**EXERCISE DIRECTIONS**
Output must consist only of the lines of the material below from the one with "Daruji za odvoz" through the one with "لإدارة المنتجات والطلبات", each reproduced exactly; no pictures belong in it.

======== GIVEN ENTRIES ========

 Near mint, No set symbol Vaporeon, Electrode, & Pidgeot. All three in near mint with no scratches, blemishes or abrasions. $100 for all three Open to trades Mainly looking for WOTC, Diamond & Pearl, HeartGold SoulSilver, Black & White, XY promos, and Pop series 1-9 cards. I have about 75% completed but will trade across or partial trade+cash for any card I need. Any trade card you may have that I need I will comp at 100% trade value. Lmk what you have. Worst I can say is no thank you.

========
======== GIVEN ENTRIES ========

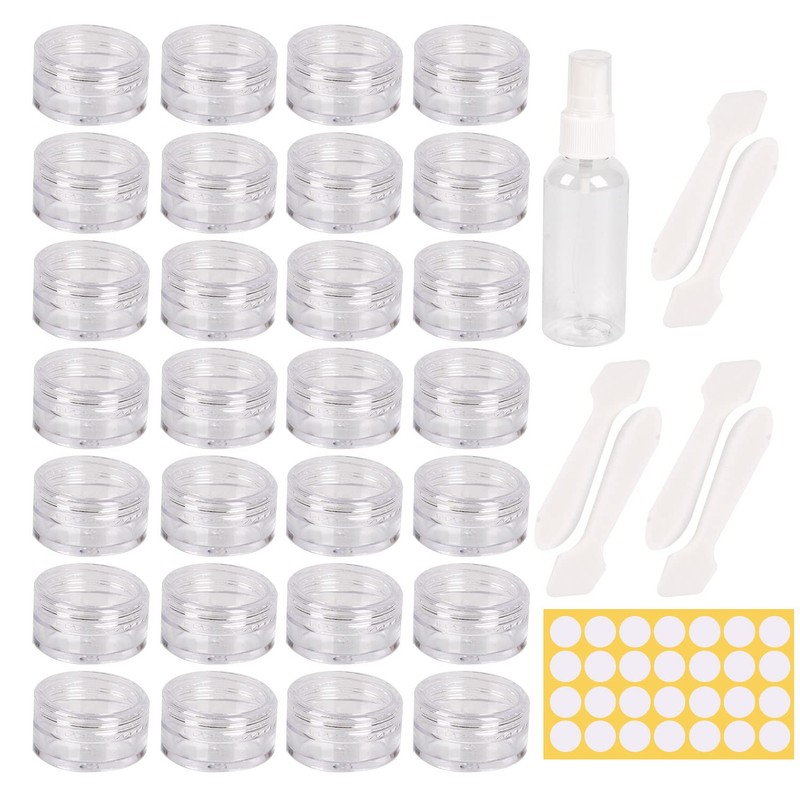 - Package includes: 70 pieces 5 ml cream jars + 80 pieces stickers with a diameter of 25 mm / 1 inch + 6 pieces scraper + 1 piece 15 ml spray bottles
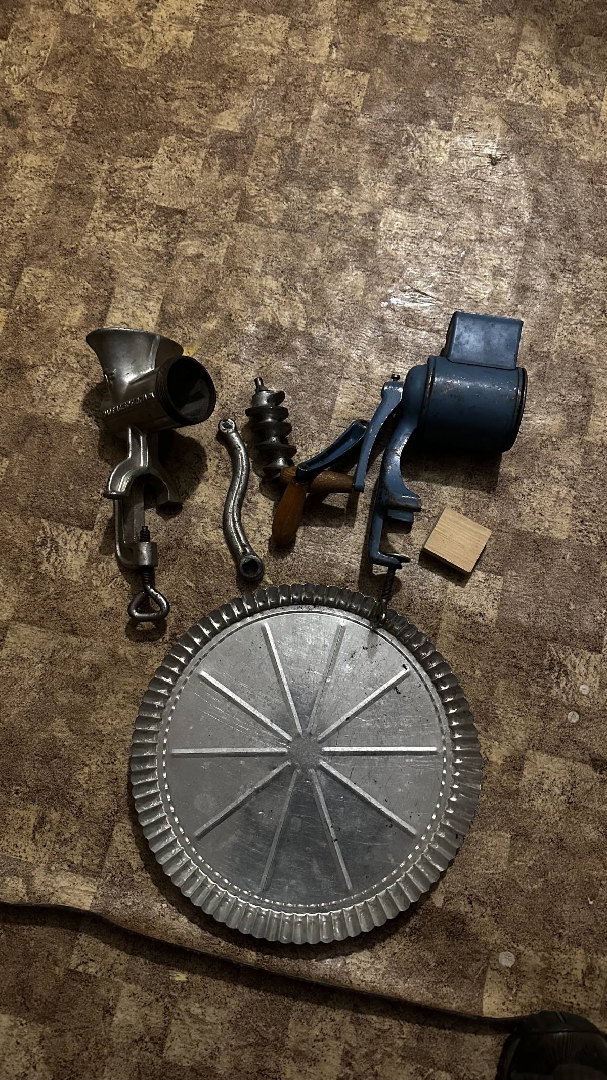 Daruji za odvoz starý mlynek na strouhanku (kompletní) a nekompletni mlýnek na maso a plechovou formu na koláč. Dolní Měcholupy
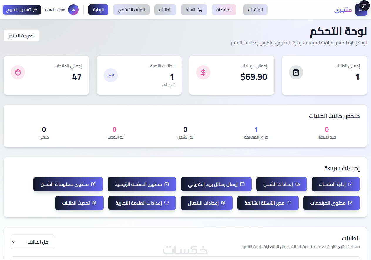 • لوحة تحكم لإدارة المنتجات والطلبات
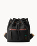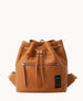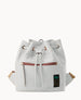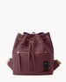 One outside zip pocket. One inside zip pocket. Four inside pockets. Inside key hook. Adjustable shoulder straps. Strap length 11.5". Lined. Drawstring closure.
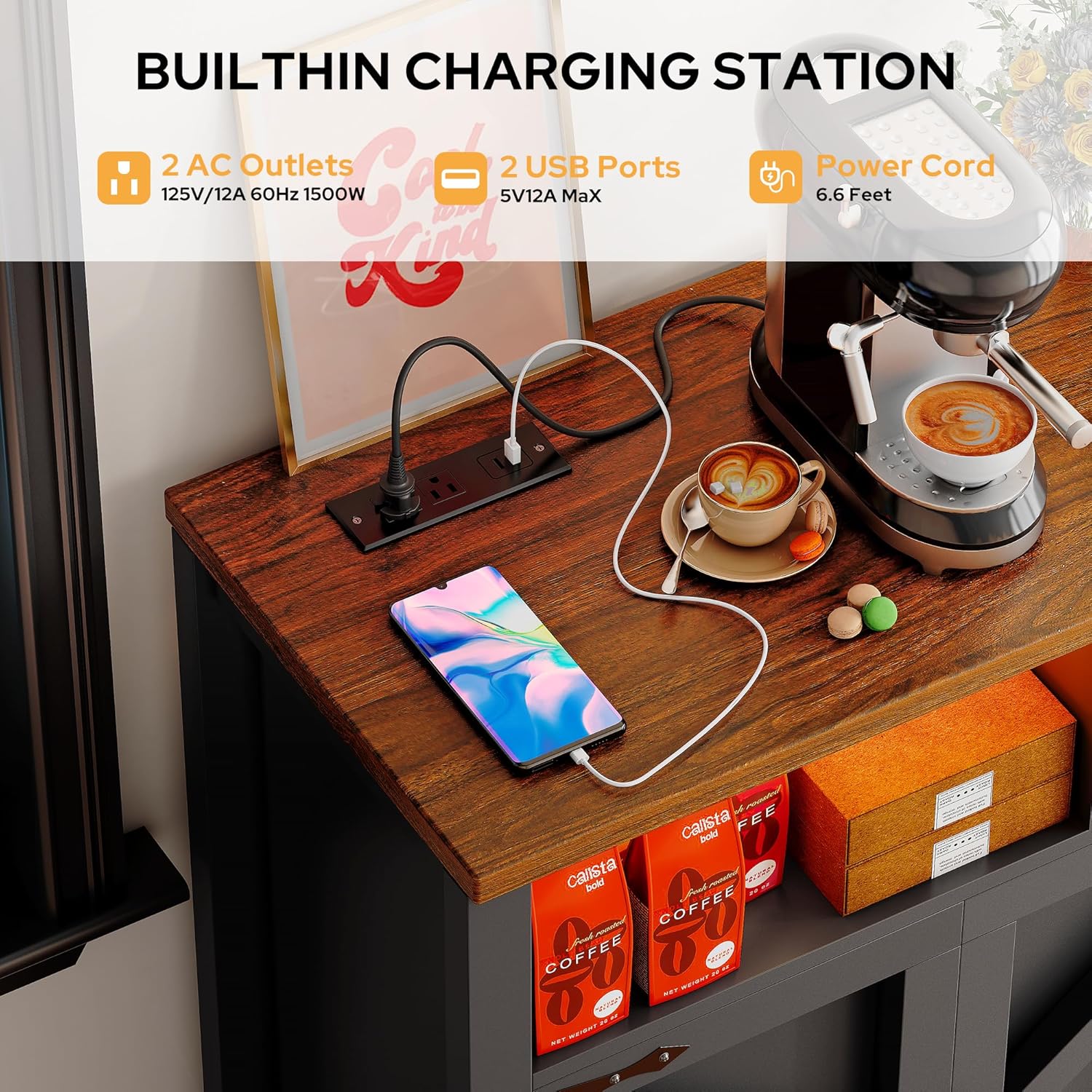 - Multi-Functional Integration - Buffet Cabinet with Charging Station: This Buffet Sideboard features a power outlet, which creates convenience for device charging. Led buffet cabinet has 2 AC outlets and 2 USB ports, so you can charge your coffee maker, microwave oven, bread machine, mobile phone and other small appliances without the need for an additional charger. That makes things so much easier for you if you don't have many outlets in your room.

========

**WRITTEN ANSWER**
 Daruji za odvoz starý mlynek na strouhanku (kompletní) a nekompletni mlýnek na maso a plechovou formu na koláč. Dolní Měcholupy
 • لوحة تحكم لإدارة المنتجات والطلبات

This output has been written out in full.